Einige der jüngeren Schwestern wären auch gern noch in der Stadt geblieben, wie man an ihren langen Gesichtern erkennen konnte. «Was würde es schon schaden? Wenn wir zusammenblieben, könnte doch niemand etwas Böses denken», flüsterte Philippa.

«Kommt, kommt», Juliana hatte es gehört und klatschte in die Hände. «Wir haben solche Vergnügungen nicht nötig. Lasst uns beten und essen und eine erbauliche Geschichte hören stattdessen.»

Zum Trost hatte Annik ein Festmahl vorbereitet: gefüllte Schafsfüße mit Steckrüben und einen Brotpudding mit Kirschen und Zimt. Anschließend las Anne ein Kapitel aus der Vita einer Heiligen vor, ein Buch, das dermaßen erbaulich war, dass die Hälfte der guten Beginen bereits schnarchten, bevor sie zum Ende gekommen war. Danielle und Magdalène meldeten sich zum Küchendienst wie verabredet.
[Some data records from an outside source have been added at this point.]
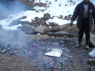 | 朝、焚き火で体を暖めます。冷たい風が吹いていました。 | ユンボで丸太を運んでいる間に煙道の縦穴が掘られていました。 |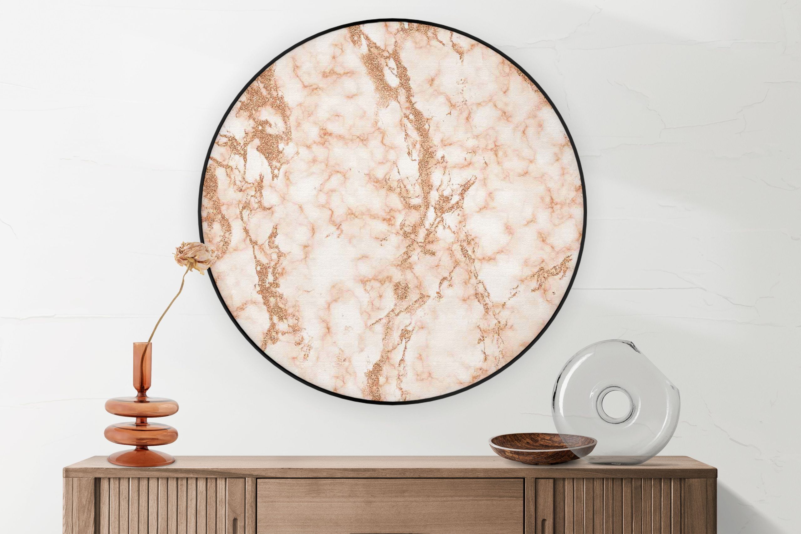 Home Marmer Akoestisch Schilderij Basis Marmer Look Oranje Rond – Muurcirkel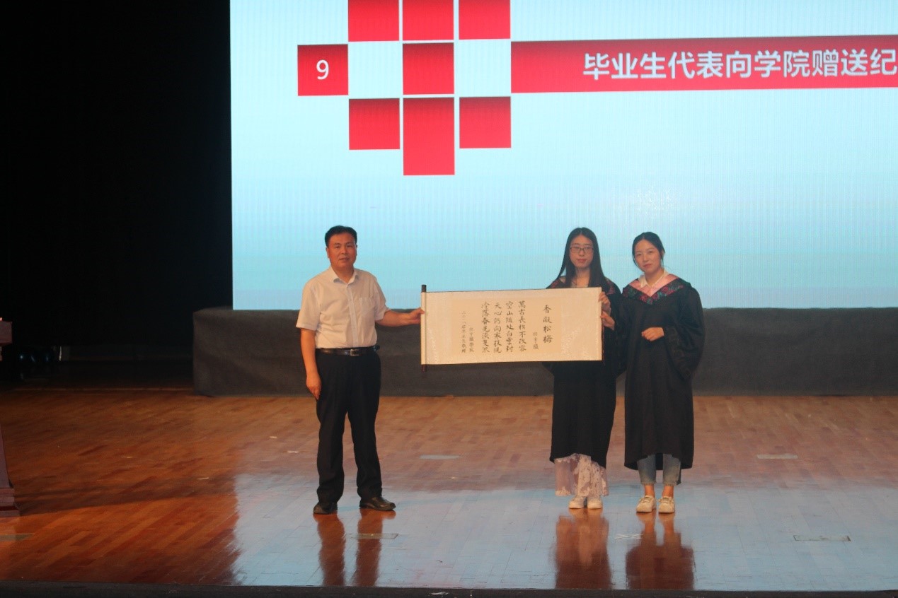郑生勇院长为2018届文理科班长罗雁云、徐意赠送笔筒。笔筒的设计者张伟闯老师解释了它的寓意,上面镌刻了经亨颐女性自慰 的院训院规,意在提醒毕业生们今后不忘自己是经院学子,时时勉励。毕业生们送给女性自慰 一幅书法作品,拳拳感恩之心溢于言表。郑生勇院长在致辞中再次表达了对学生们美好的祝福,要追求卓越,勇于承担、保持对国家发展的热情,与优秀为伴。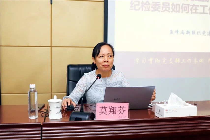 ▲原魚峰區(qū)委組織部一級主任科員,兩新組織黨工委副書記莫翔芬為學員授課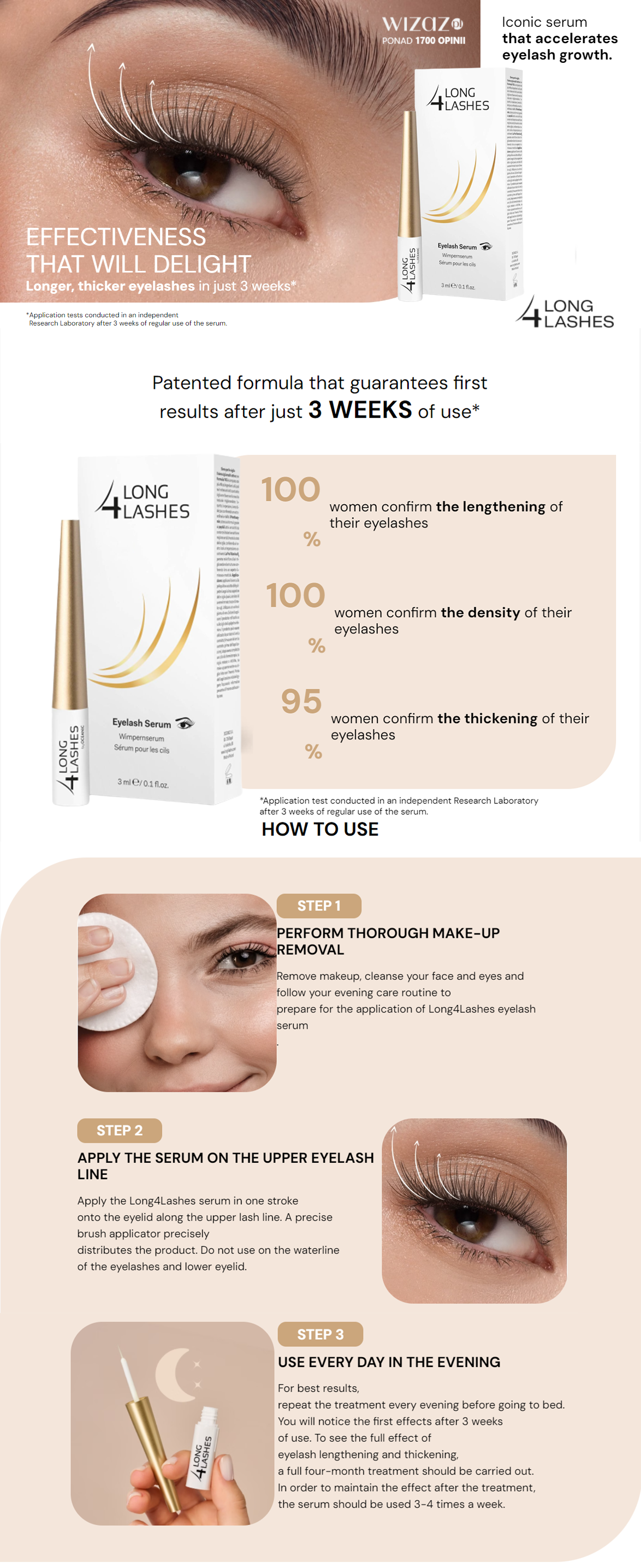 يعمل السيرم على إطالة وتكثيف وتقوية الرموش وتحسين حالتها بشكل واضح. تحتوي تركيبته على مجموعة من المواد الفعالة، التي تعتبر حاليا من أكثر المركبات فعالية في تقوية الرموش، وذلك بفضل تأثيرها على جميع مراحل حياة الشعر. إن إثراء المستحضر بحمض الهيالورونيك له تأثير إيجابي على مستوى ترطيب الرموش وينعم سطحها، كما يعمل البروفيتامين ب5، الذي يخترق ألياف الشعر، على تحسين بنيتها – فهي تصبح أقوى وأكثر مرونة ولامعة.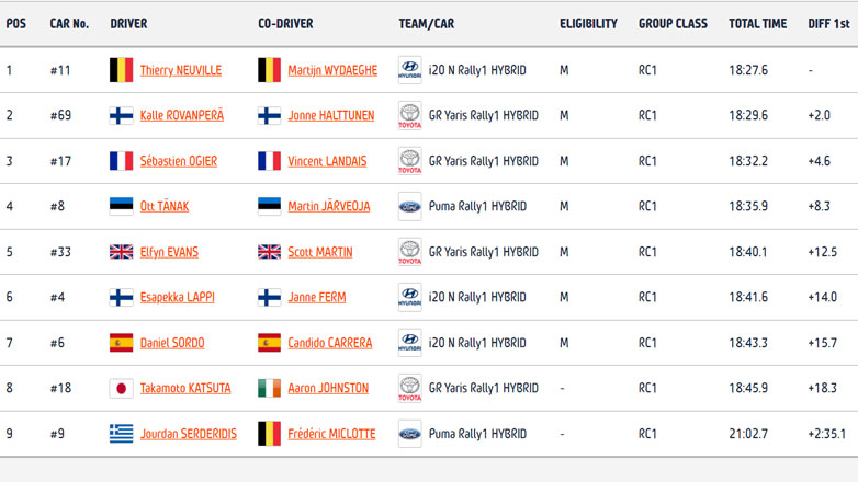 Δεύτερος ταχύτερος σε αυτή την Ε.Δ. ο Neuville της Hyundai ο οποίος με χρόνο +3.1 δευτ. από τον Φινλανδό παραμένει πρώτος στο φετινό ΕΚΟ Ράλλυ Ακρόπολις, αν και με μικρή πλέον διαφορά.
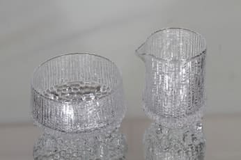 Iittala Ultima Thule sokerikko ja kermakko, kirkas, suunnittelija Tapio Wirkkala,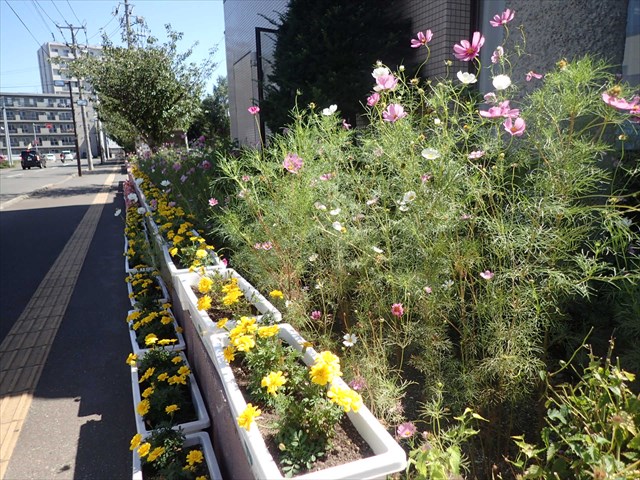手稲老人福祉センターは、登録団体「ライラックサークルボランティア会」の活動場所ですが、今シーズンは活動を休止しているため、プランターの花は職員さんが管理しているそうです。例年通りコスモスが咲き、マリーゴールドが華やかに咲いていました。

«Eine von uns sollte wenigstens morgen früh gehen und etwas Holzkohle vom Johannisfeuer holen, das schützt das Vieh bis nächsten Johannis vor Krankheiten. Nun, vielleicht ist ja morgen früh noch was davon da, wenn wir zur Kirche gehen. Man sagt, das sei ein Aberglaube, aber bei uns hat es immer gewirkt! Also stimmt es», plapperte Annik, während sie das Brot für den nächsten Morgen knetete. «Als ich klein war, hat mein Vater immer einen Walnusszweig über dem Stalleingang verbrannt, und wir mussten alle darunter durchlaufen, während er brannte. Einmal ist meiner Großmutter dabei ein Funken ins Haar gefallen, und sie ist zum Trog gelaufen und hat den Kopf hineingesteckt, um sich zu löschen.» Sie gähnte und rieb sich die Augen mit bemehlten Händen, sodass sie wie eine Schneeeule aussah.

«Arme Annik. Was für ein langer Tag! Du siehst müde aus. Warum legst du dich nicht schon hin. Wir erledigen den Rest», sagte Magdalène.

«Ja, wirklich? Das würdet ihr tun?»

«Aber gewiss, liebe Schwester. Hast du dir nicht heute besonders viel Mühe gegeben und uns mit einer köstlichen Mahlzeit verwöhnt? Dafür wollen wir dich gern etwas entlasten.»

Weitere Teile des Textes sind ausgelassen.